0:26:09 > 0:26:12He feels like he constantly has to make up for it all the time.

0:26:12 > 0:26:14What do you mean?

0:26:14 > 0:26:16It just feels, everything he does

0:26:16 > 0:26:19is trying to make up for all the years with the drinking.

0:26:19 > 0:26:22He doesn't have to. I mean, he's made it up many a time

0:26:22 > 0:26:26but everything still goes back to the drink.

0:26:26 > 0:26:28"I still have to make it up to you."

0:26:29 > 0:26:33There's nothing to make up any more. It was made up long ago.

0:26:33 > 0:26:37- So you've forgiven him? - Oh, long ago. Long ago.

0:26:37 > 0:26:38SHE SNIFFS

0:26:39 > 0:26:41Long ago.

0:26:41 > 0:26:44He's the best dad I could have asked for.

0:26:44 > 0:26:47- The only one you're going to get! - With or without the drink.

0:26:47 > 0:26:50I wouldn't change my life

0:26:50 > 0:26:52and that's it, wouldn't change it.

0:26:52 > 0:26:55It's not that I want to apologise to her.

0:26:55 > 0:26:59I just want her to be my daughter, and I want to be her father.

0:26:59 > 0:27:02That's it, and we have to be there for each other.

0:27:03 > 0:27:04We're doing good.

0:27:04 > 0:27:06- We're doing good!- We're doing good.

0:27:06 > 0:27:10And what about this man who is so, so popular now on the radio

0:27:10 > 0:27:13and with everything he's achieved, are you proud of him?

0:27:13 > 0:27:15Oh, very much so. He's a big softy.

0:27:15 > 0:27:18- Are you?- Oh, very much so.

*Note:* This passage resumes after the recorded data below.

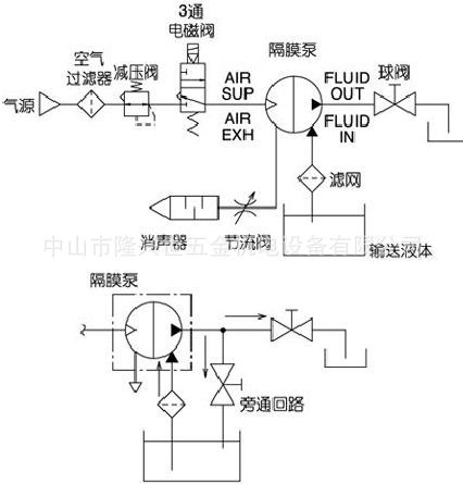 双作用气控型隔膜泵的控制回路如下图。将减压阀的设定压力设定在0.2~0.7MPa,电磁阀一通电,泵便开始工作,但液体输出侧的球阀处于开启状态。泵开始工作前,泵内无液体(干状态),也能吸入液体。在干状态下的最大吸入扬程为1m。让泵停止工作,让电磁阀断电,泵内气压力便从三通电磁阀泄掉。也可关闭液体输出侧的球阀让泵停止工作。输出流量的调节可利用球阀或节流阀进行。隔膜泵的输出流量若小于最低流量要求,泵会犹豫工作不稳定而停止。若要求输出流量小于最低流量,可在输出侧旁通回路来解决,确保泵内达到最低流量。
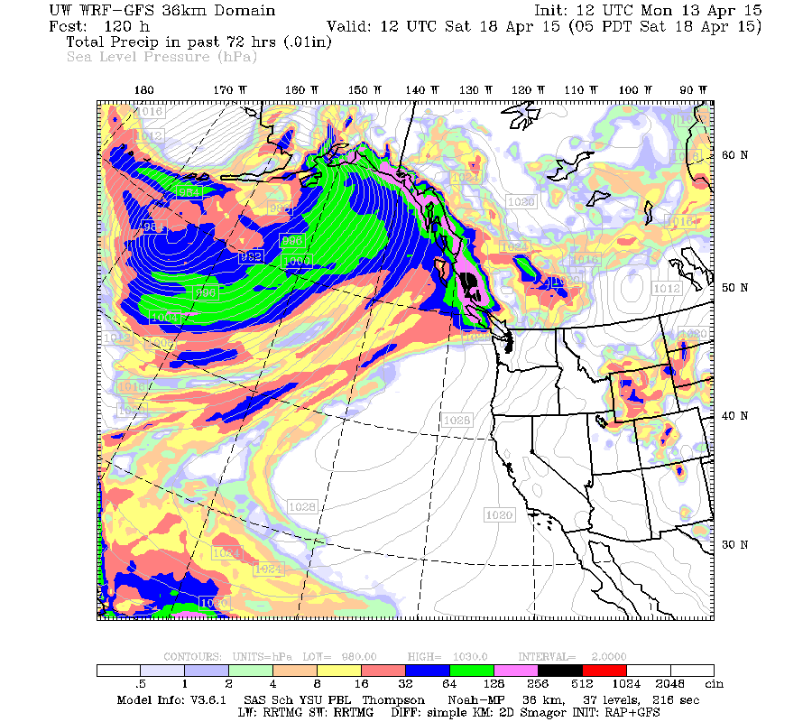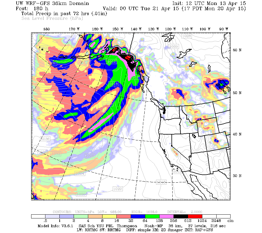 High pressure builds on Wednesday, ending the nice westerly-flow pattern aimed straight across the North Pacific into the Northwest after less than a week. Great to see that pattern at least once in 2015, and sweet while it lasted. The next system is directed well to the north into southeast Alaska and the central BC coast, with dry conditions in Washington, Oregon, and California as seen in the precip map for the next 72-hour period through Saturday morning April 18:
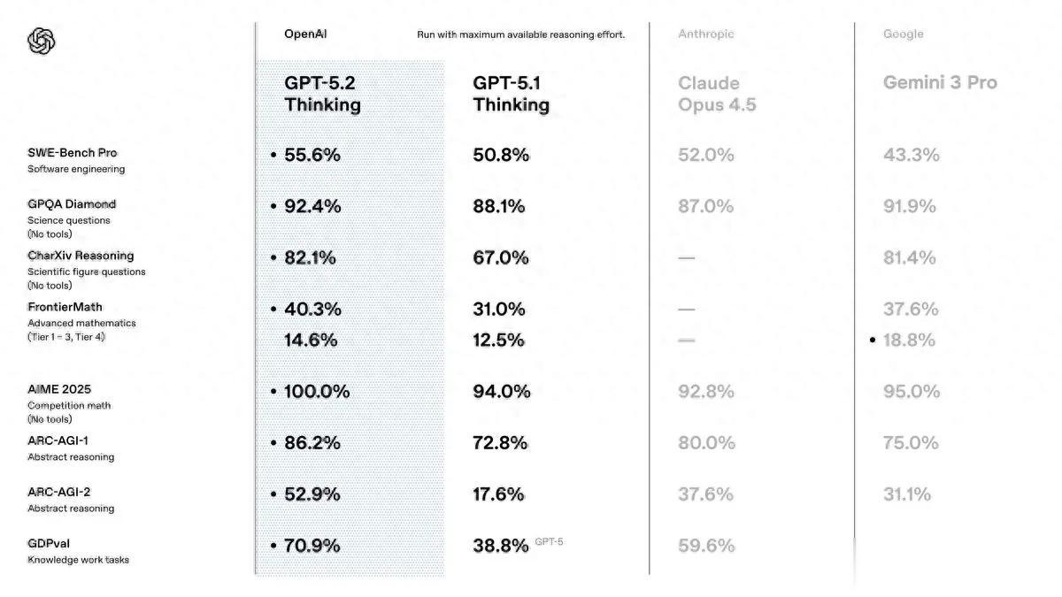 竞争的火药味从未如此浓烈。Gemini 3在上月发布后迅速集成到Google生态,覆盖搜索、Workspace和云服务,吸引了无数企业用户。Anthropic的Claude Opus 4.5也在编码领域紧咬不放。OpenAI内部员工甚至有人建议推迟发布,以进一步完善模型,但Altman选择加速——结果证明,这是一记精准的反击。
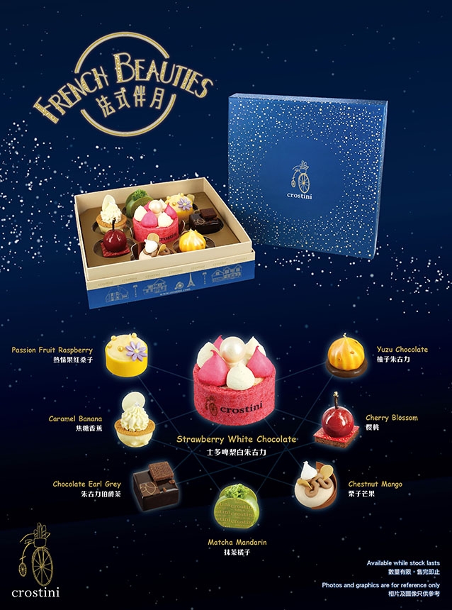 Crostini 隆重推出『法式伴月』禮盒,八款與別不同嘅精緻小蛋糕,配以高貴簡約嘅禮盒,為您呈獻典雅嘅月圓甜點盛宴!
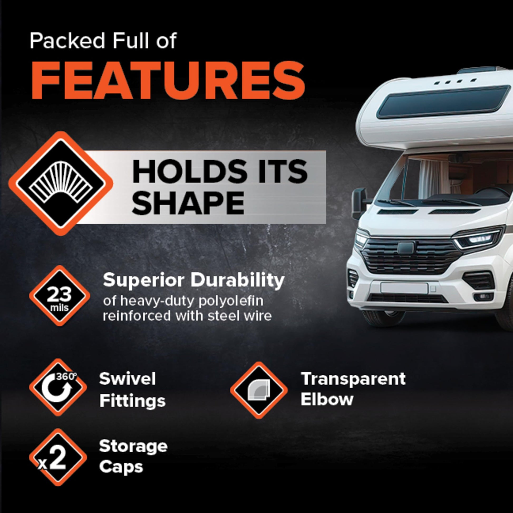 Rugged, Flexible Build: Constructed with 23 mils of durable polyolefin and reinforced with steel wire, the RhinoFLEX RV waste hose can bend and maintain its shape for reliable, long-lasting use.
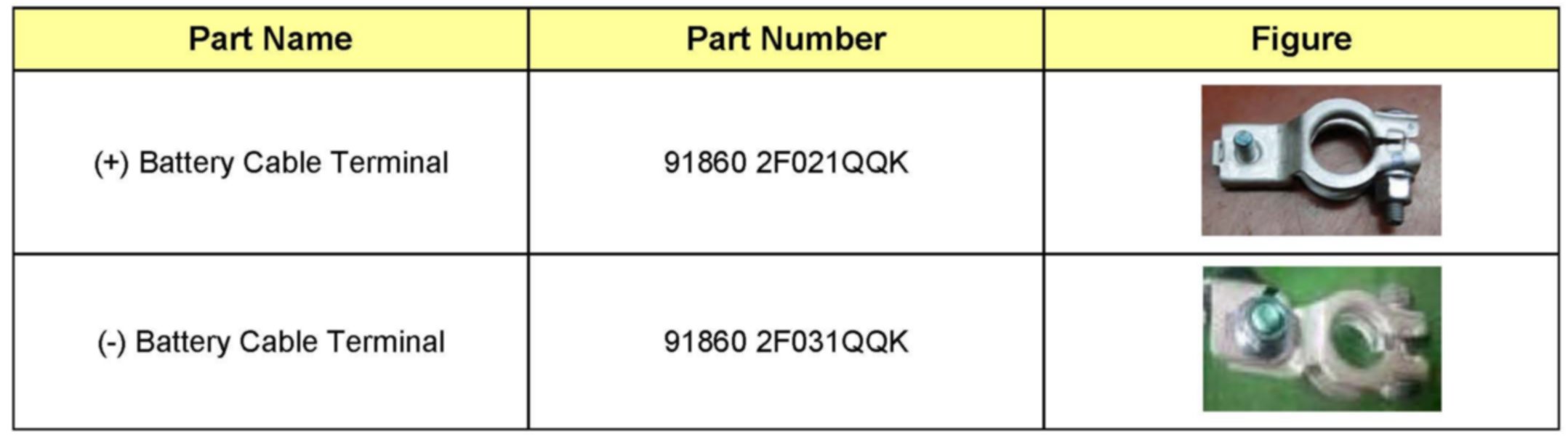 This bulletin provides information relating to the Positive (+) and Negative (-) battery cable terminal replacement on Forte vehicles produced from May 01, 2011 to June 30, 2011. Kia is requesting the completion of this Service Action on all affected 2011/12MY Forte (TD) vehicles prior to delivery. Before conducting the procedure, verify that the vehicle is included in the list of the affected VINs.

0:27:18 > 0:27:21Of course I am. I always was.

0:27:21 > 0:27:24When I was growing up, he never left the house without giving me a kiss

0:27:24 > 0:27:28and lots of love. We wouldn't have had much else, but lots of love.

0:27:28 > 0:27:30- Good one!- That's it.

0:27:30 > 0:27:32With drink or without drink, there was lots of love.

0:27:34 > 0:27:35So.

0:27:37 > 0:27:39- Thank you. - Thank you, Stephen.- Thank you.

0:27:50 > 0:27:53What is life about to you?

0:27:53 > 0:27:56What do you want Hugo Duncan to stand for?

0:27:56 > 0:27:59My biggest wish would be

0:27:59 > 0:28:04to leave an impression on my family's mind today

0:28:04 > 0:28:08that I didn't leave 20, 30 years ago.

0:28:09 > 0:28:12I want them to remember me as who I am now.